Wilson is making the gift on behalf of the Lee Wilson family. It will create the Michael E. Wilson Professorship of Business, Management and Social Entrepreneurship within the Institute for Free Enterprise and Entrepreneurship. The institute will include a comprehensive business incubator to combine academics with applied entrepreneurship, as well as a center for economic analysis and data for northeastern Arkansas, school officials said.
“This is a way to accentuate and bolster the rigorous liberal arts education from Lyon with what students will experience in the real world,” Wilson said in s statement.
Starting this academic year, the business division at Lyon will reorganize to emphasize business and entrepreneurship to support the institute, which will focus on programming in the areas of economic development, entrepreneurship and free enterprise. Business faculty positions and new minors including entrepreneurship and leadership; social entrepreneurship and economic development; and health economics will be added.
“Our business faculty have been planning the changes to the curriculum for some time, and the Wilson family’s gift will support the implementation of the business division’s new focus on entrepreneurship,” said Provost Melissa Taverner.
Wilson, former Economics Arkansas board chair, is the great-great-grandson of the founder of Lee Wilson & Co., which began operations in 1886 in the Mississippi County company town that still bears the family name.
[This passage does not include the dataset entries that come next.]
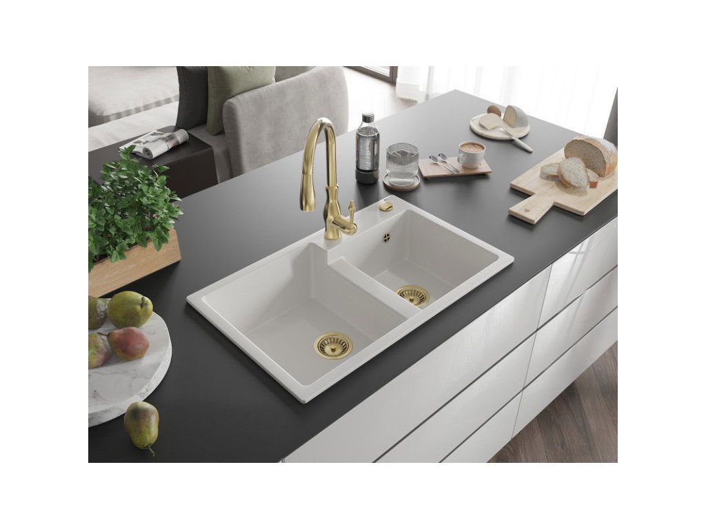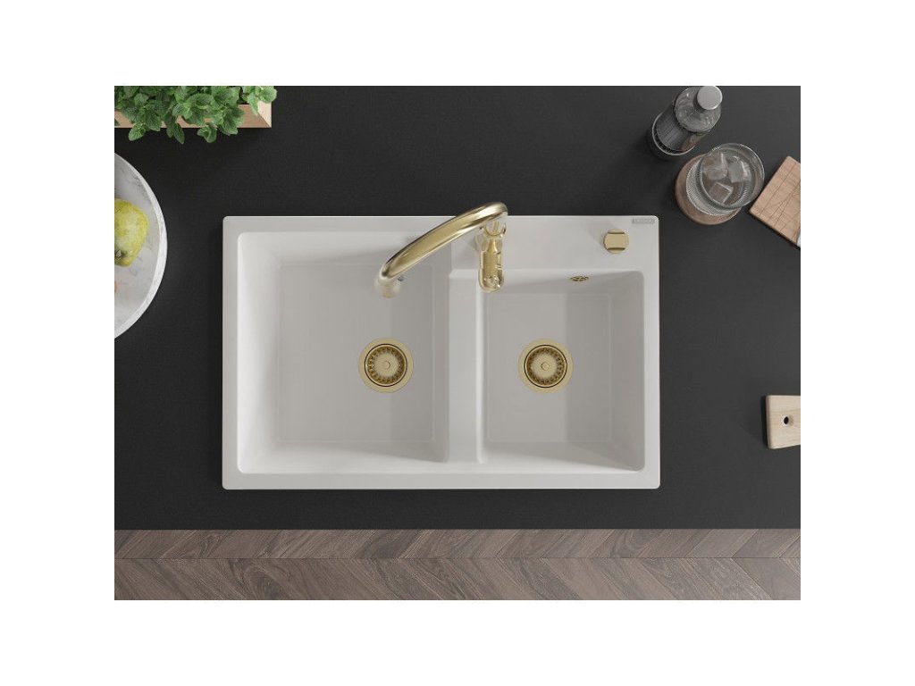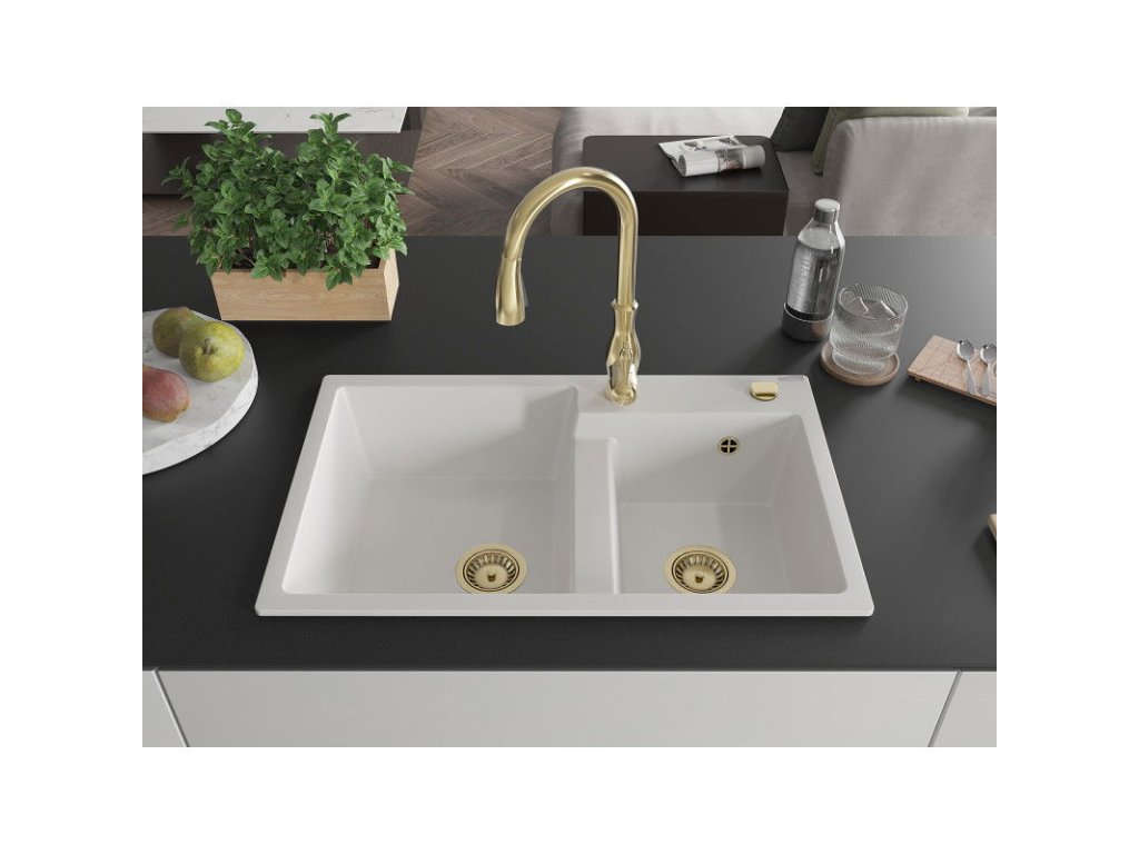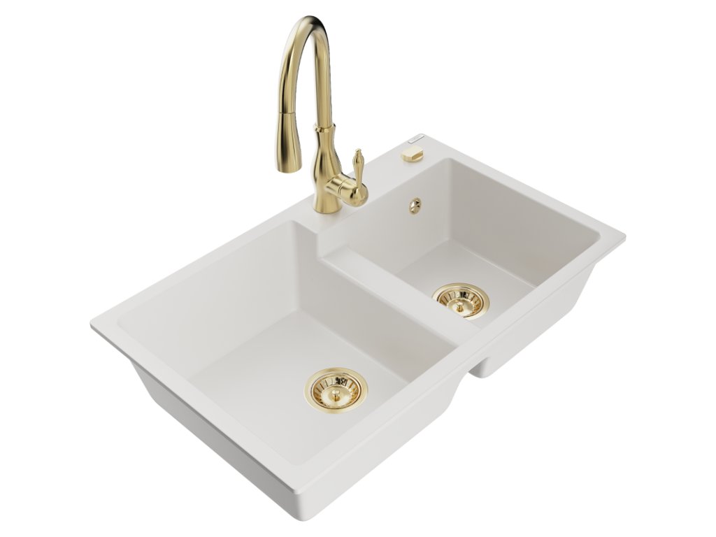 Mexen Tomas 2-komorový granitový drez s kuchynskou batériou Savita, biely - 6516-20-672601-50
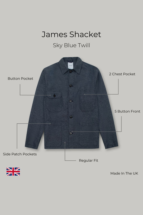 James Four Pocket Jacket - Sky Blue Twill
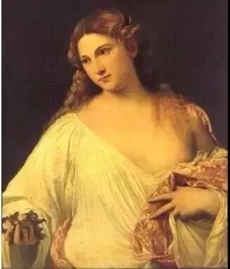 提香·韦切利奥《花神》,手捧盛开的鲜花,以侧立之姿态面对观者,显得风姿绰约!
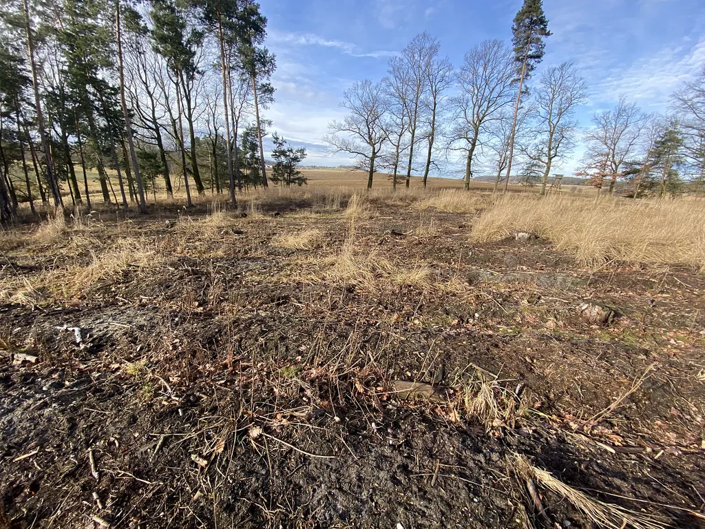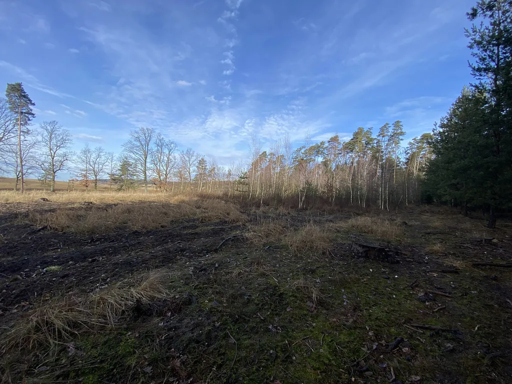 Prodej lesního pozemku v katastrálním území Veliny, okr. Pardubice. Jedná se o pozemek p.č. 1093/22 o výměře 4.968 m². Pozemek je situován na rovině až mírně svažitém terénu s přístupem po nezpevněné lesní cestě až k pozemku. Na menší části plochy pozemku se nachází mladý lesní porost borovice a břízy, zbylá plocha pozemku je naorána a připravena k osázení. Místy se zde vyskytují mladé semenáčky borovice z přirozeného zmlazení. Foto je aktuální. List vlastnictví č. 508.
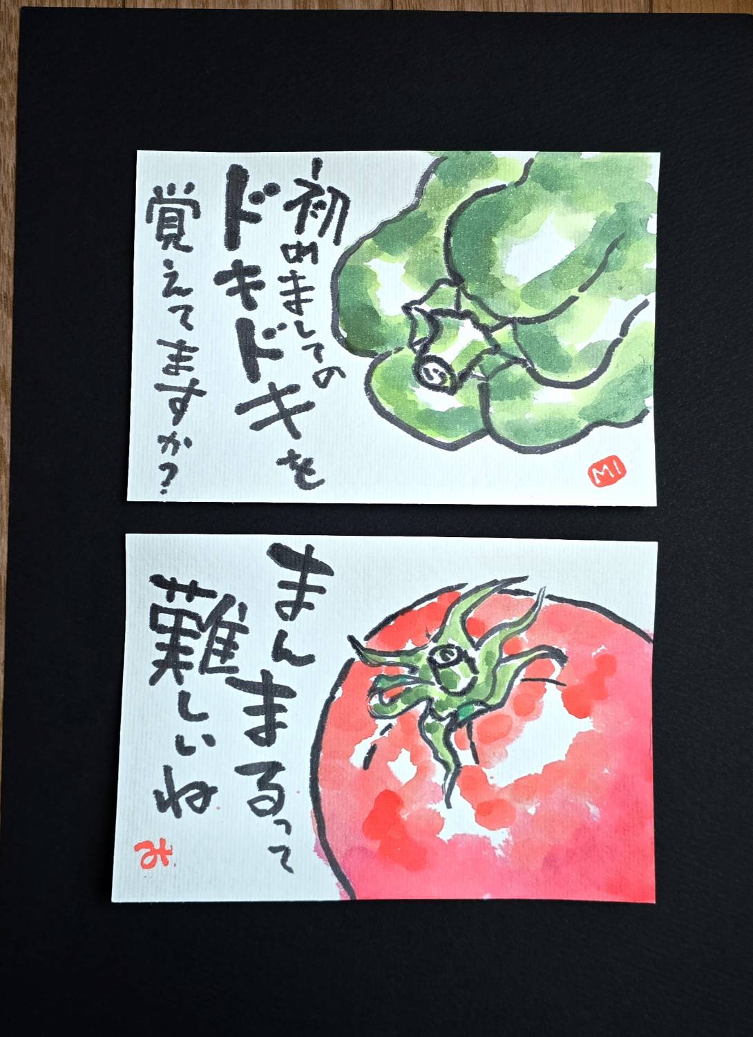 初めて絵手紙を描くときのモデルは野菜(特にピーマン)が多いですね。
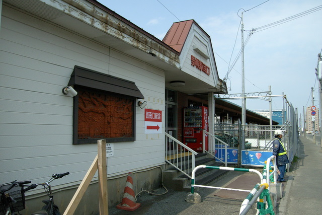 右の線路が使われなくなった旧上り線です、まもなく架線も含めて完全に撤去されて高架新線の敷地となります。
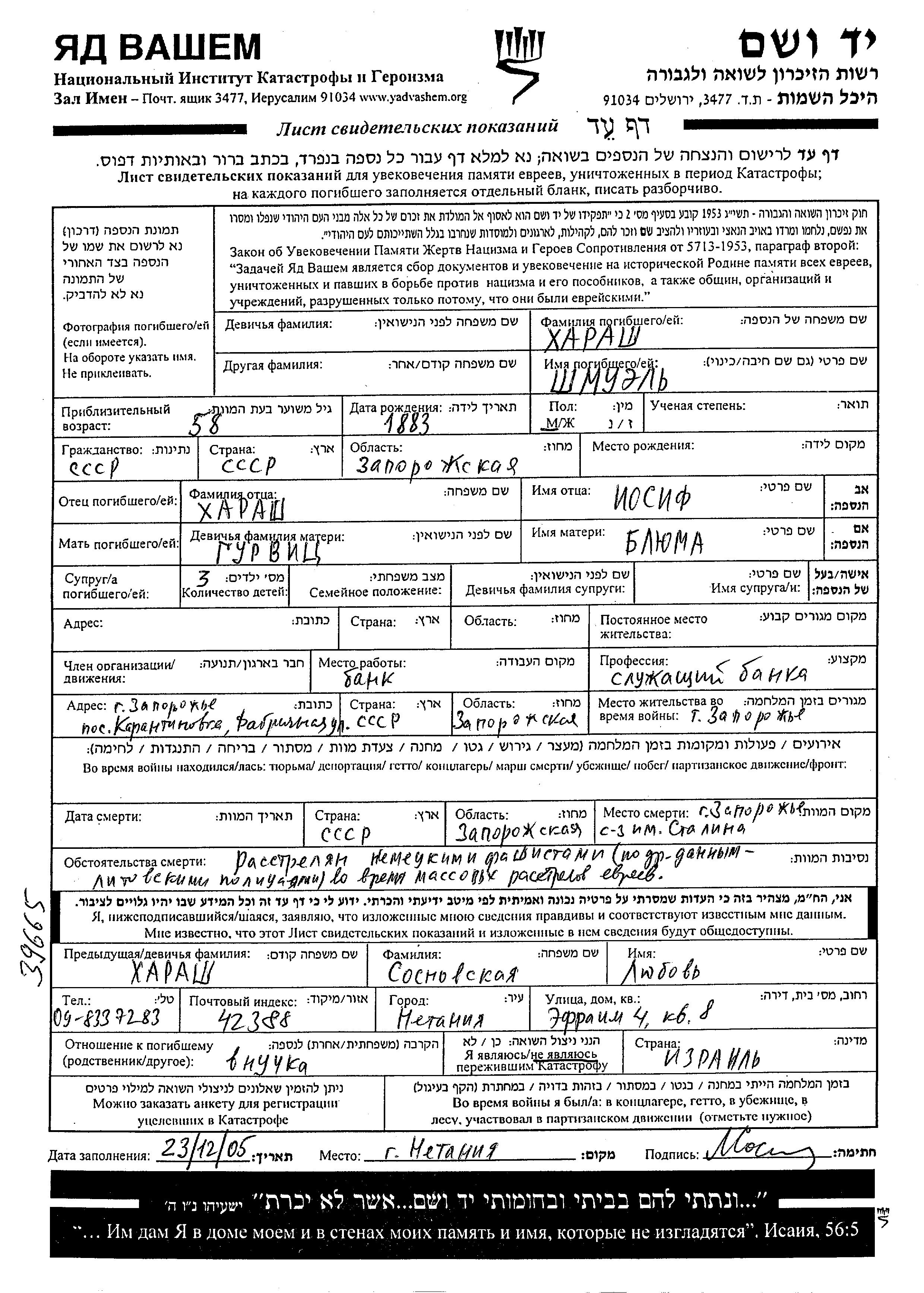 Shmuel Kharash wurde im Jahr 1883 in Zaporozhye, Ukraine (UdSSR) geboren. Er war der Sohn von Iosif und Blyuma, geb. Gurvitz. Er war Bankangestellte/-r. Vor dem Zweiten Weltkrieg lebte er in Zaporozhye, Ukraine (UdSSR). Während des Krieges war er in Zaporozhye, Ukraine (UdSSR).
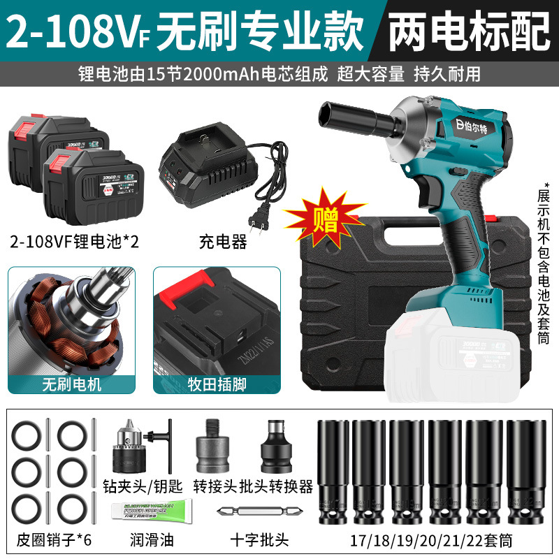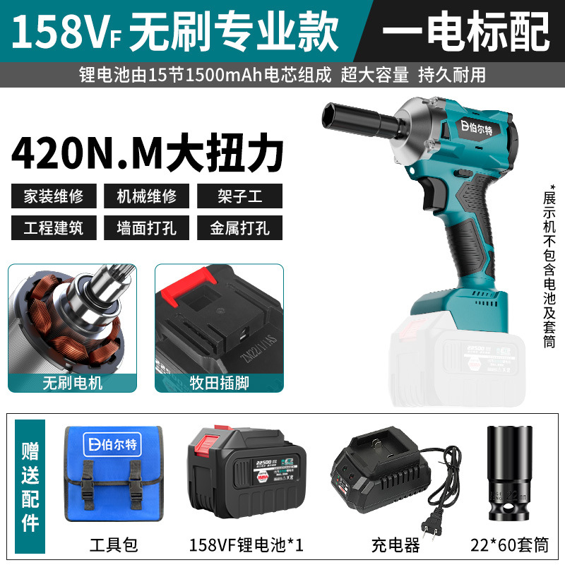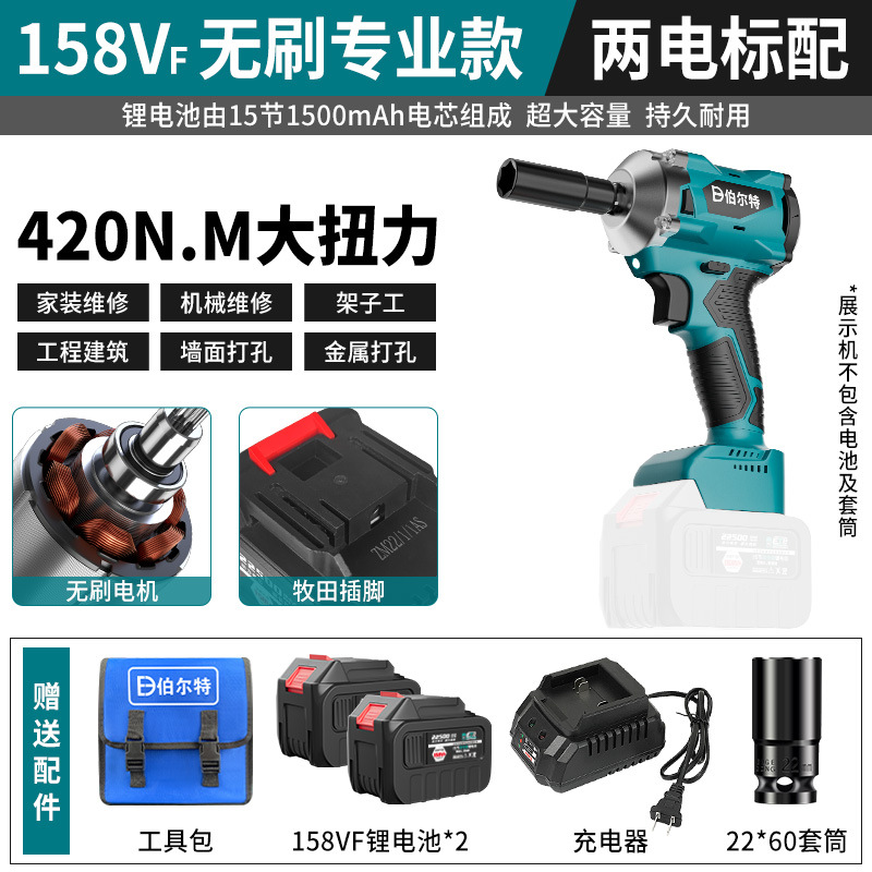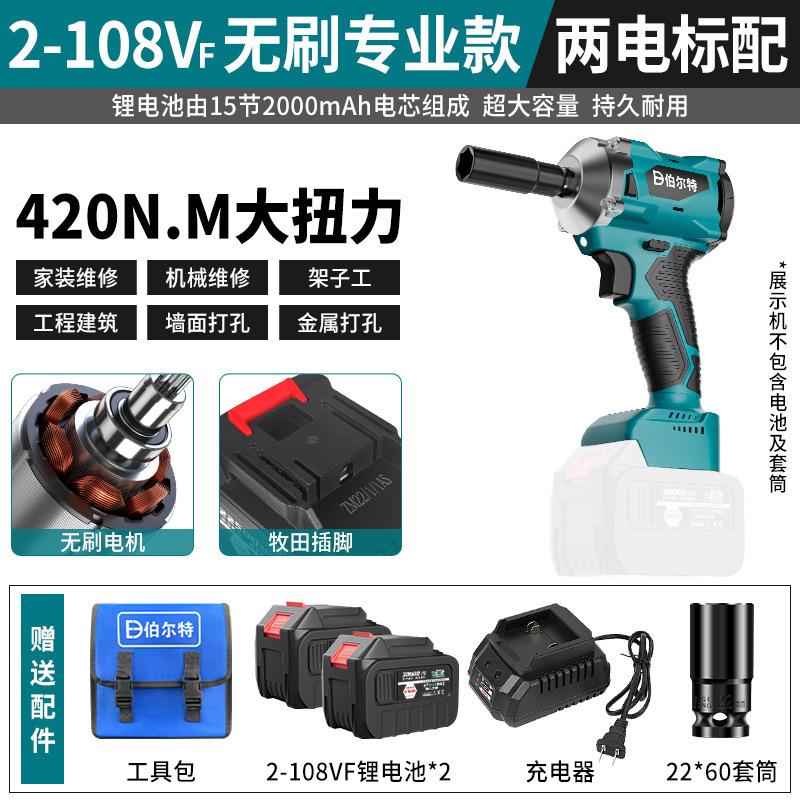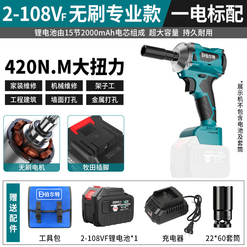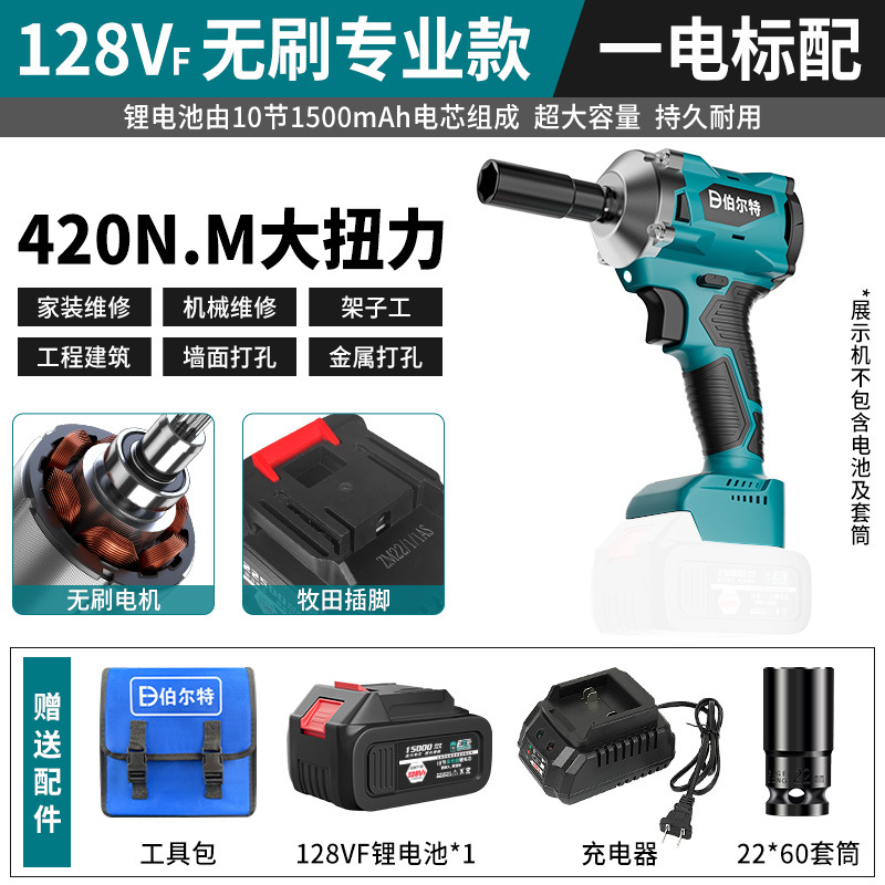버트 브러시리스 전기 렌치 리튬 배터리 충전식 고무 코팅 렌치 대형 토크 충격 목공 슬리브 에어 캐논스토어 가기

The endowed professorship will be named after Wilson’s father, Michael Evans Wilson, who served on Lyon’s board of trustees for many years.
The new institute will be unique within Arkansas and modeled after others across the country including the one at Babson College in Wellesley, Mass., Wilson said.
“If we don’t have an educated population in the state of Arkansas, the state will fail,” Wilson said. “If we give students a basis upon which to go out and create something new, and they stay in Arkansas, that can only serve to better economic development for the state.”
Wilson added that he’s proud to carry on a family tradition of devotion to education and entrepreneurship.
“Those things have been strong in my family for four or five generations,” he said. “My dad, my grandfather before him and certainly my great-great-grandfather, were all about economic development for the state of Arkansas.”